便潜血検査が陽性のとき、大腸がん以外に考えられる病気

編集部
便潜血検査が陽性でも、大腸がん以外の可能性はありますか?
柏木先生
はい。大腸がん以外にも大腸ポリープ、炎症性腸疾患(潰瘍性大腸炎・クローン病)、虚血性大腸炎、感染性腸炎などが考えられます。いずれも出血を伴うことがあり、便潜血検査だけでははっきりしないので、精密検査で区別します。
編集部
痔でも便潜血検査が陽性になるのでしょうか?
柏木先生
痔は最もよくある原因の1つです。特にいぼ痔や切れ痔では、便と一緒に出血することが多いため、陽性になる可能性があります。ただし、痔だと思い込まず検査を受けることが重要です。実際に、「痔だろう」と自己判断してしまったけれど、後で検査したら進行がんだった、ということも多いのです。
編集部
炎症性腸疾患や感染性腸炎だと、どのような症状がありますか?
柏木先生
多くの場合、下痢や腹痛、発熱などの全身症状を伴います。潰瘍や炎症によって腸の粘膜が傷つき、便に血が混じります。放置すると病気のある部分ががん化したり、重篤な合併症を引き起こしたりすることもあります。
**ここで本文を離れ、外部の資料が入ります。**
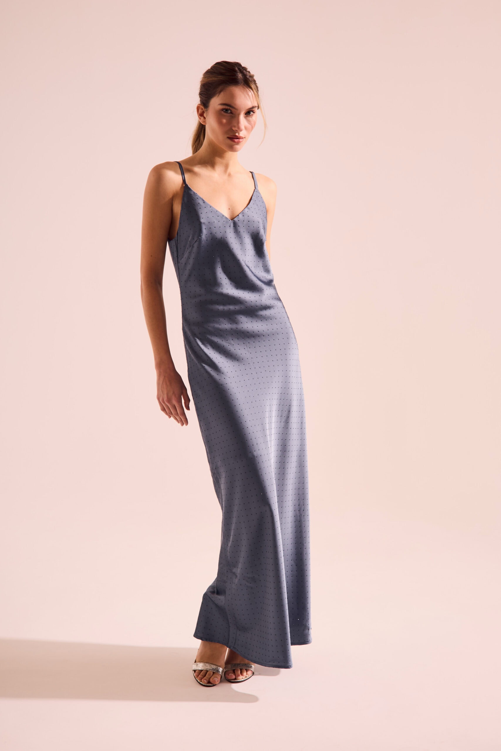 $ 35.000,00Vestido de largo modular maxi de calce recto. Tiene breteles regulables y escote en V. Detalle de lluvia de hotfix facetado 1mm al tono que recorre toda la prenda. Confeccionado en satén. Composición: 95% Poliéster 5% Spandex La modelo está usando talle S color Azul Altura de la modelo: 175 […]
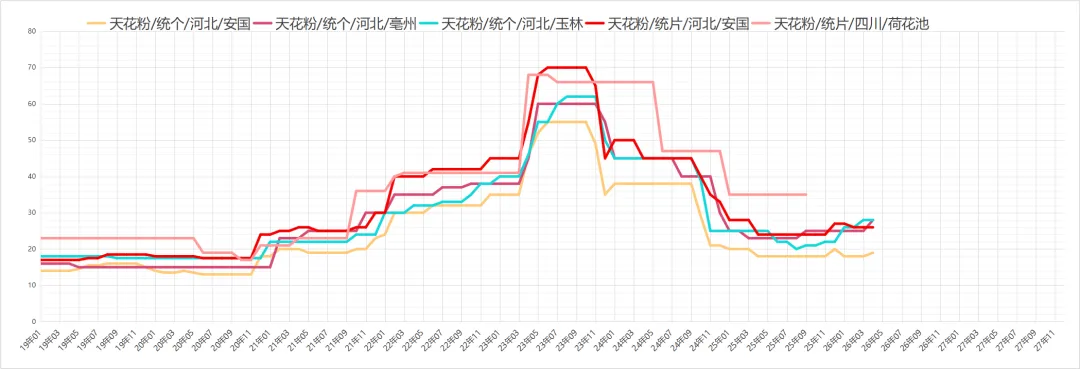 天花粉行情平稳,市场货源供求平衡,商家关注度不高,近期交易量有限,现一般统片价格在29-30元之间,较大片的40元左右。
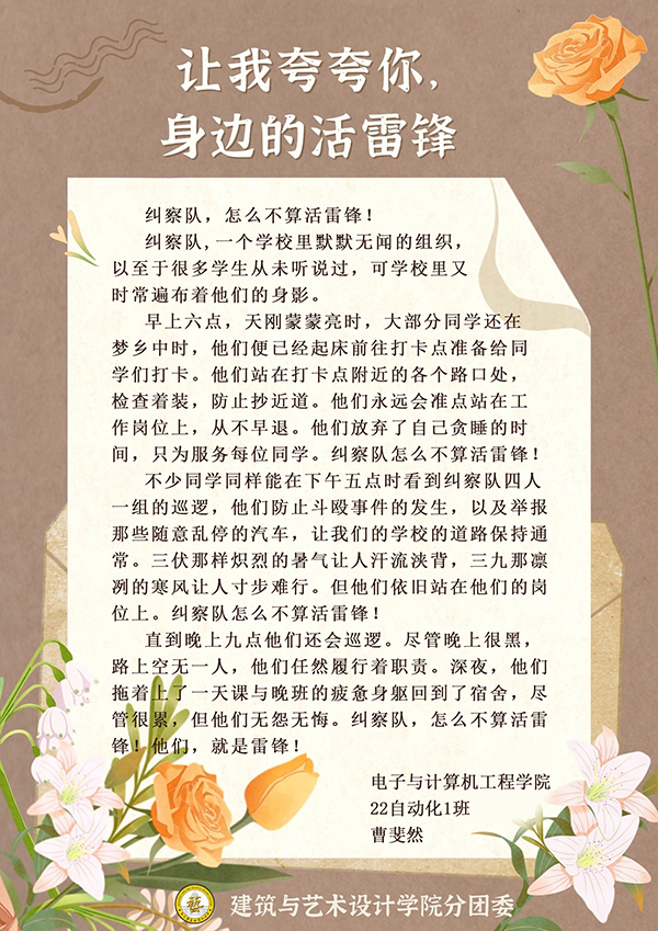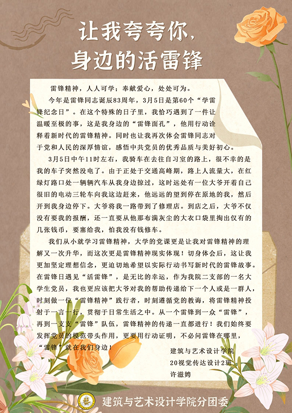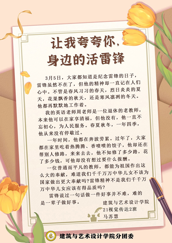 为深入学习宣传贯彻党的二十大精神,贯彻习近平总书记对深入开展学雷锋活动的重要指示精神,根据《省委教育工委、省教育厅关于全省教育系统深入学习习近平总书记重要指示精神开展学雷锋活动的通知》(苏教社政〔2023〕1 号)文件要求,建筑与艺术设计海角社区在三月开展了“学习雷锋好榜样,传递青春正能量”活动。

症状が長引く場合は放置せず受診しましょう。
編集部
ポリープの場合は、どのように扱われるのですか?
柏木先生
ポリープは良性でも出血の原因になります。大腸がんの約9割は大腸ポリープが大きくなる過程でがん化して発生したものです。そのため、多くの場合は内視鏡検査で確認して、その場で切除します。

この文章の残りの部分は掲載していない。